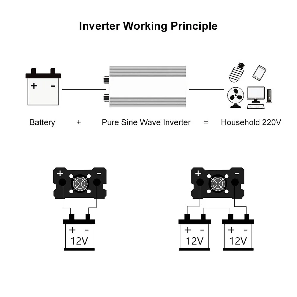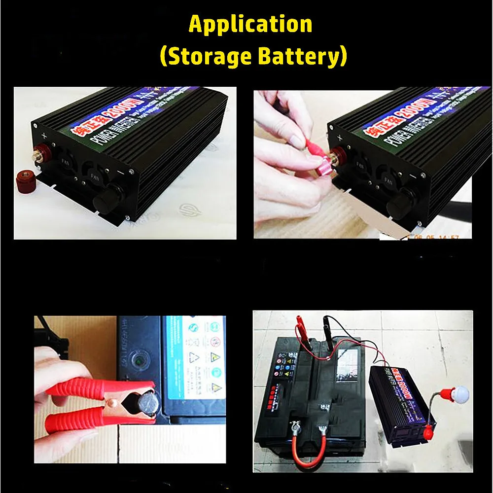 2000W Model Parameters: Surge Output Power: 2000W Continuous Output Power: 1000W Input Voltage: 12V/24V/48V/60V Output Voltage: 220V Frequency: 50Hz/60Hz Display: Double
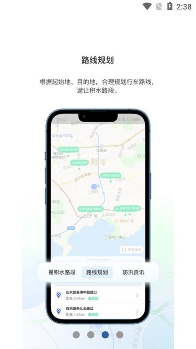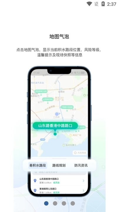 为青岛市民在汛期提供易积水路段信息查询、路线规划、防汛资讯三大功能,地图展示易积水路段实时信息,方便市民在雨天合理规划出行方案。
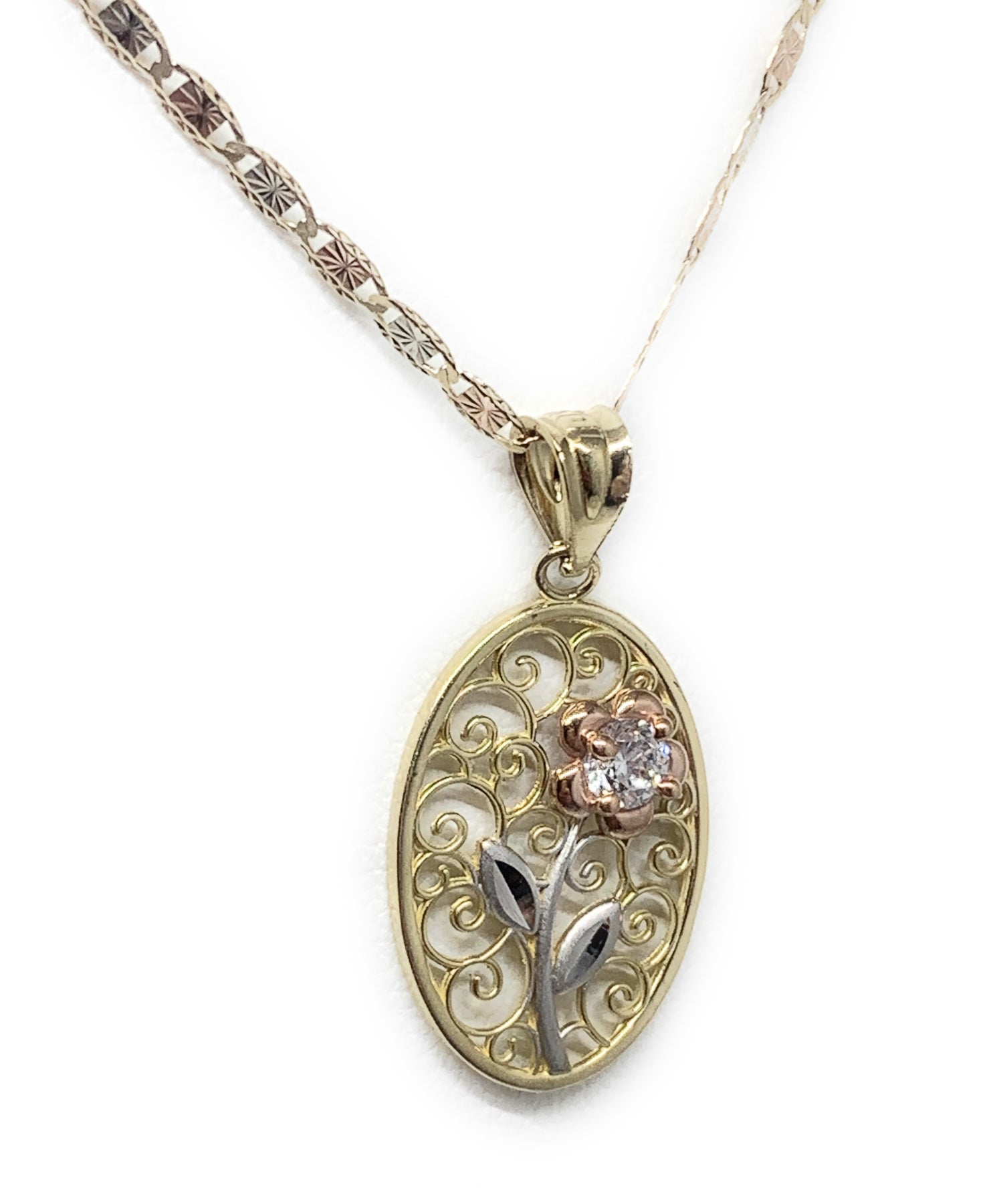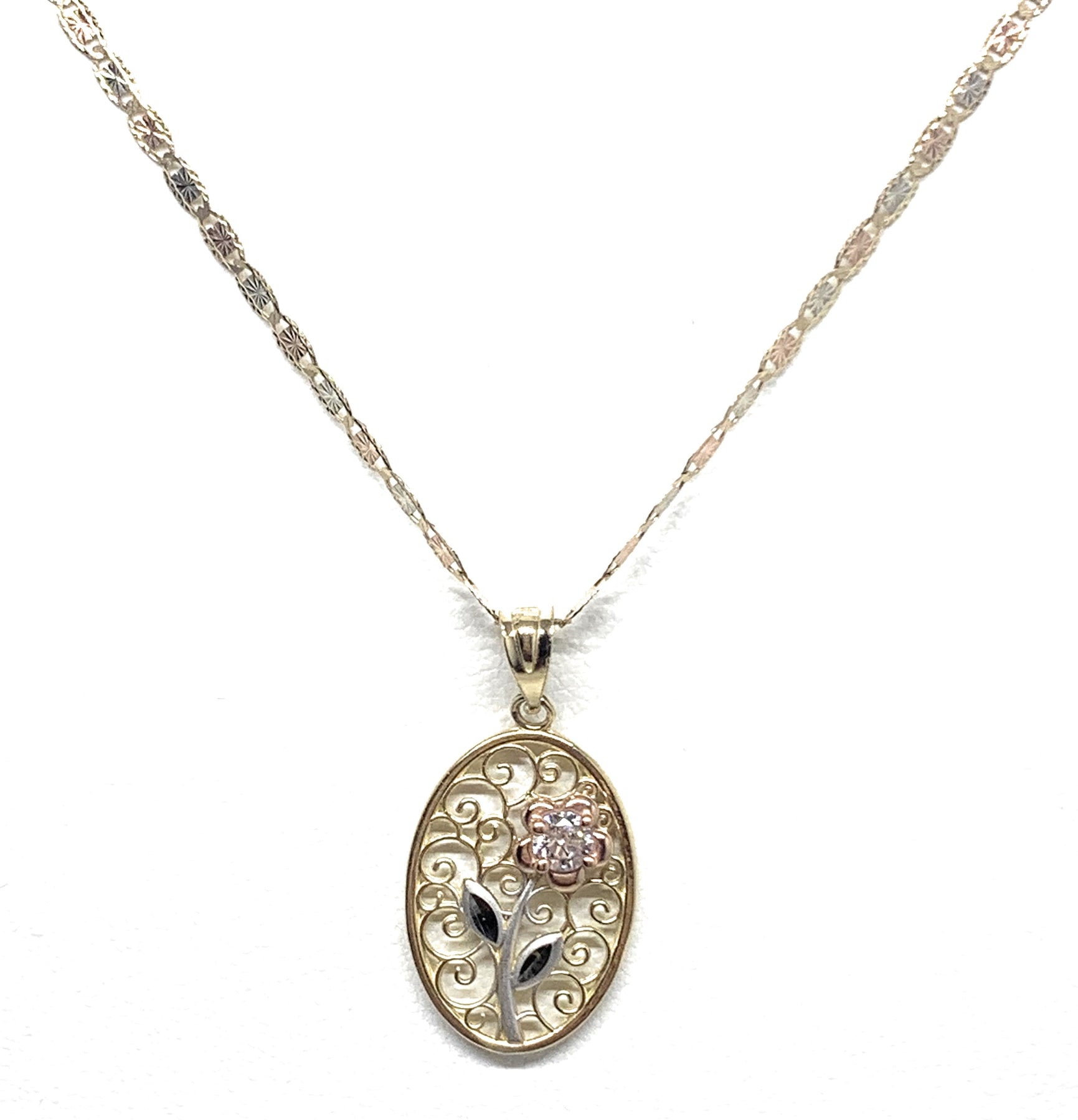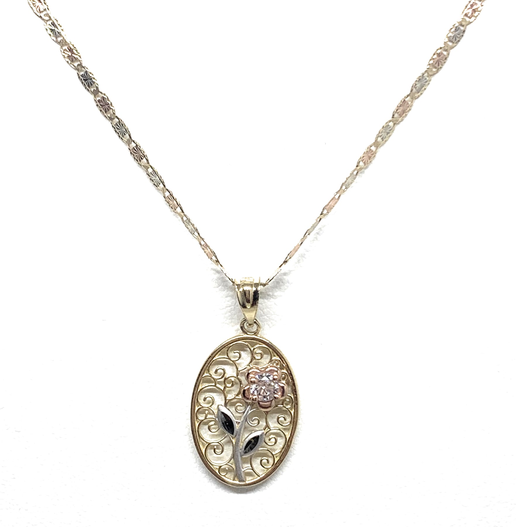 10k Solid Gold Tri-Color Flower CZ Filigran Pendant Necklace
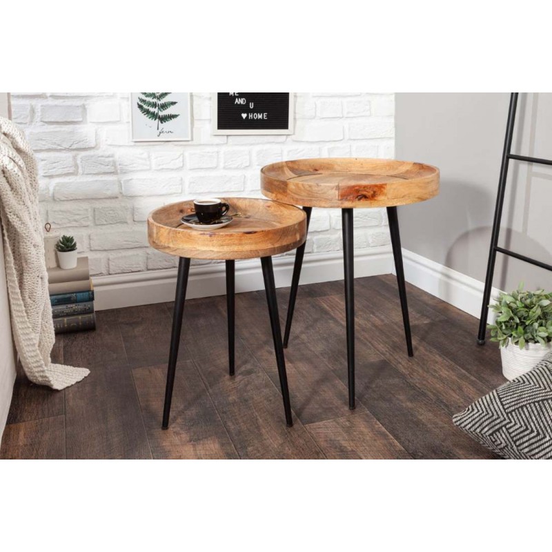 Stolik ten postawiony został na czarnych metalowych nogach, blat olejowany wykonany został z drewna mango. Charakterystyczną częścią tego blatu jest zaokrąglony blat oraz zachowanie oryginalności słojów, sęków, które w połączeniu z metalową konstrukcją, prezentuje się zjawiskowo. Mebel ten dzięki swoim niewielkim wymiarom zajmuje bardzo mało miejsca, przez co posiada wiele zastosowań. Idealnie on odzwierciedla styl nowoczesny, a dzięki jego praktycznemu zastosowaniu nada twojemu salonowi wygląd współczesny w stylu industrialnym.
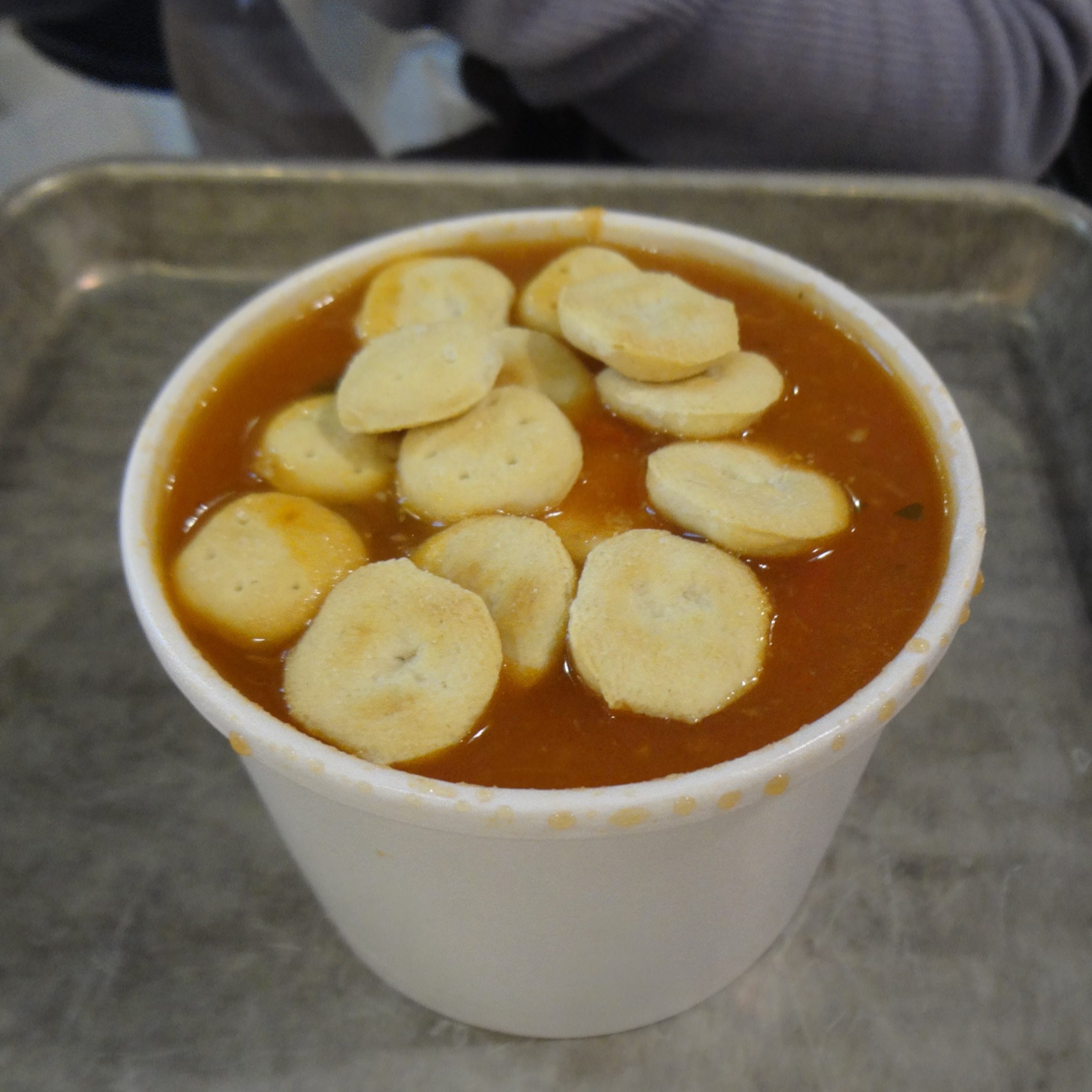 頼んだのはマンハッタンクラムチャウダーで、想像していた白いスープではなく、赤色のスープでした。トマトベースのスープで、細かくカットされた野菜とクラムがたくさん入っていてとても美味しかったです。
----------------
ABOUT THIS TASK –
Starting at the first line of the material, output exactly the lines up to and including the one with "10k Solid Gold". Do not include the pictures.

SOLVED PROBLEM –
 2000W Model Parameters: Surge Output Power: 2000W Continuous Output Power: 1000W Input Voltage: 12V/24V/48V/60V Output Voltage: 220V Frequency: 50Hz/60Hz Display: Double
 为青岛市民在汛期提供易积水路段信息查询、路线规划、防汛资讯三大功能,地图展示易积水路段实时信息,方便市民在雨天合理规划出行方案。
 10k Solid Gold Tri-Color Flower CZ Filigran Pendant Necklace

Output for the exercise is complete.